A few weeks ago, these attacks starting happening several times a day and I started wondering if perhaps I had developed an anxiety disorder.  I finally went to the doctor and was started on two different meds for anxiety... Clonazepam and Effexor.  Still, something just didn't make sense.  I'd had some issue with anxiety for years, but nothing like this.  What's more, I didn't really have anything going on that would justify my being "anxious."  I started taking the time to really evaluate what was going on when these "attacks" happened and not even two days after seeing the doctor, I was onto a new hypothesis.
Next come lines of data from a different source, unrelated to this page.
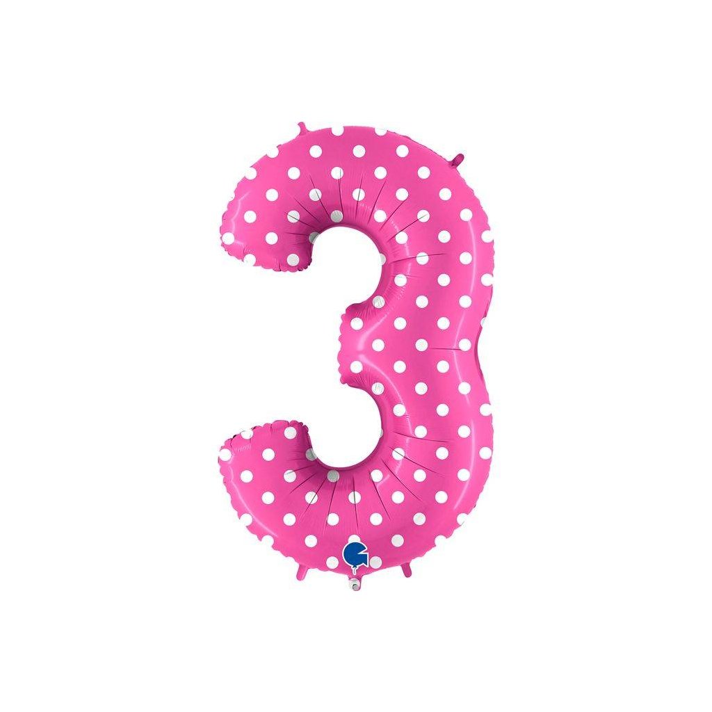 Nafukovací balónek číslo 3 růžový s puntíky 102 cm - Grabo | Cukrářské potřeby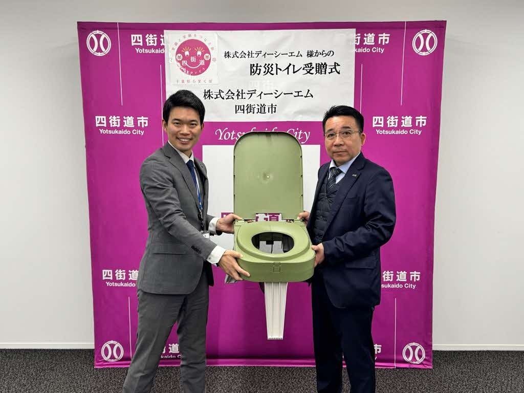 株式会社ディーシーエムから四街道市へ災害時用トイレを寄贈受贈式を行いました四街道市役所2026年3月18日 14時14分いいね!数を読み込み中です令和8年3月16日(月)に、株式会社ディーシーエムから、携帯性にも優れた折りたたみ式簡易トイレ等を寄贈いただきました。 (写真左から鈴木市長、株式会社ディーシーエム代表取締役社長 山﨑眞由 (敬称略)) 日時 令和8年3月16日(月) 11時~ 会場 四街道市役所 本館1号棟3階 特別会議室 寄贈者 株式会社ディーシーエム 寄贈物 防災トイレ(洋式便座)20台及び使用に必要な消耗品等 すべての画像種類その他 ビジネスカテゴリ政治・官公庁・地方自治体キーワード四街道防災災害トイレ寄贈ダウンロードプレスリリース素材このプレスリリース内で使われている画像ファイルがダウンロードできます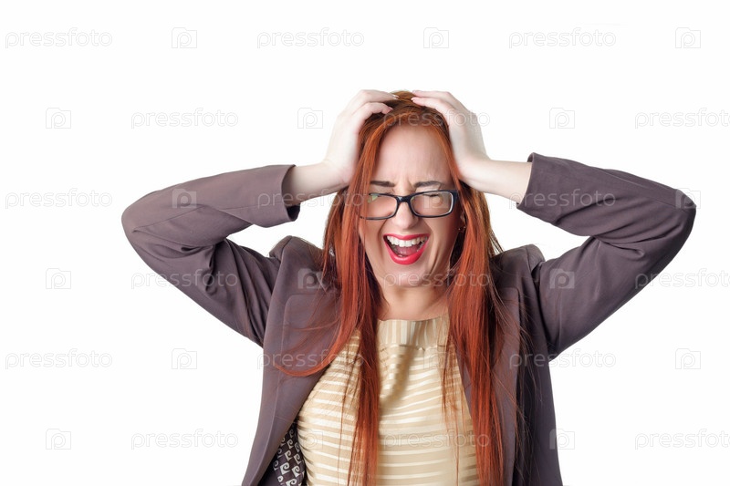 Рыжая молодая женщина кричит от головной боли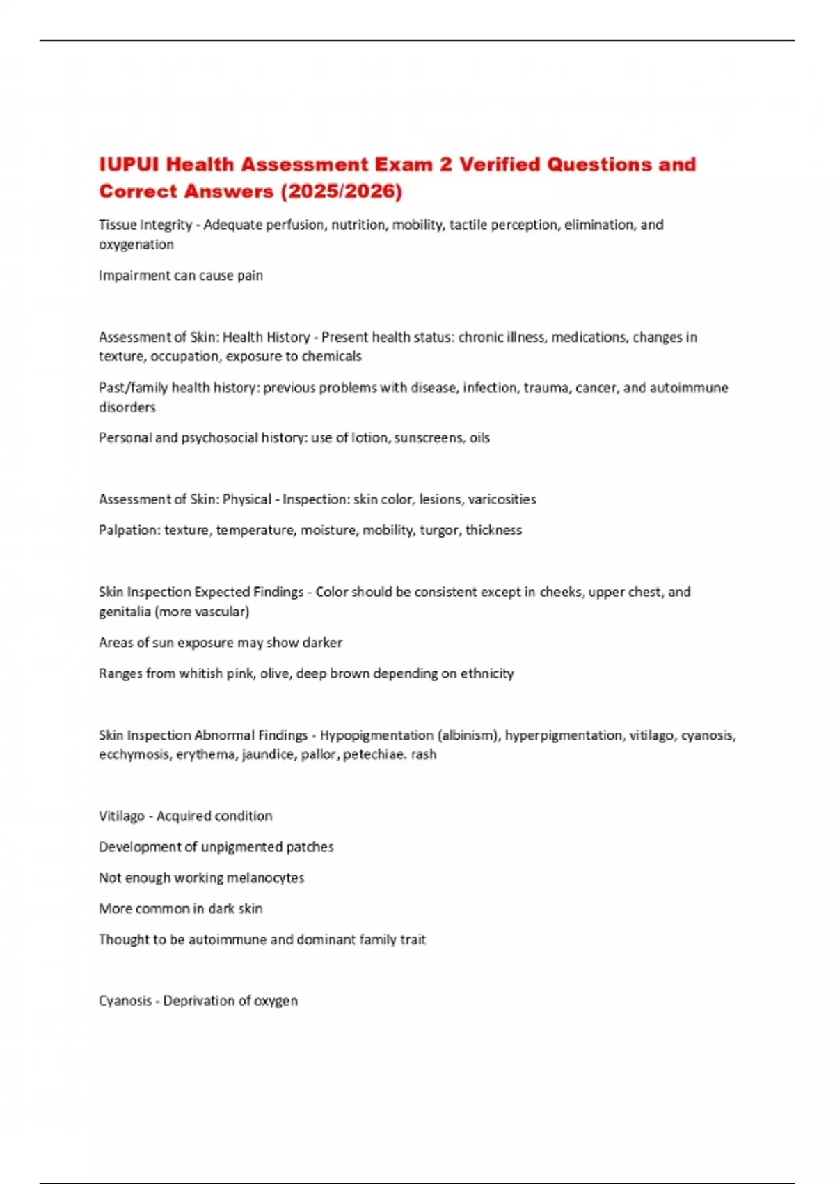 IUPUI Health Assessment Exam 2 Verified Questions and Correct Answers (2025/2026)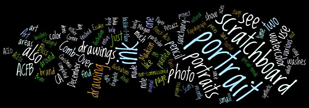 A short post for today. I have other things I need to post (a couple of completed pet portraits and a work in progress video), but they'll take more time than I have right now. So I thought this would be fun to share: I just discovered Wordle - a web site where you can create a nifty word cloud from your own set of words or the words found on a blog or web site with an RSS feed. It's quite customizable, from the "strength" of the words found to the number of words in the cloud to the color scheme.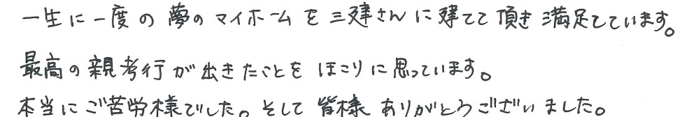 一生に一度の夢のマイホームを三建さんに建てて頂き満足しています。
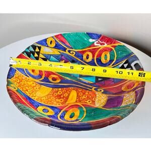 Gorgeous decorative art glass bowl inspired by the colorful, abstract patterns of Austrian painter Gustav Klimt. The inner bowl surface is smooth while the exterior has a dimensional relief pattern with applied color. Measures 12” in diameter and 3” tall.

Typically when I feel anxious, I just take a few deep breaths and focus on something positive.  Sounds simple, but it really works!  However, when I tried to do that, I couldn't get enough air.  I had a nasty respiratory virus over Christmas and had a bit of a residual cough, but never felt it was a part of the problem.  My mother is a respiratory therapist and I had her give my lungs a good listen and she told me I had some wheezing and wasn't moving air well.  I made another appointment with my doctor and, lo and behold, I had bronchitis!  The "attacks" were most likely bronchial spasms (thus the wheezing) much like those caused by asthma.  Having never had asthma, I had no clue what was going on!  Oh... and I also had an ear infection, but with a headache every day of my life, I probably didn't even notice the most tell-tale symptom.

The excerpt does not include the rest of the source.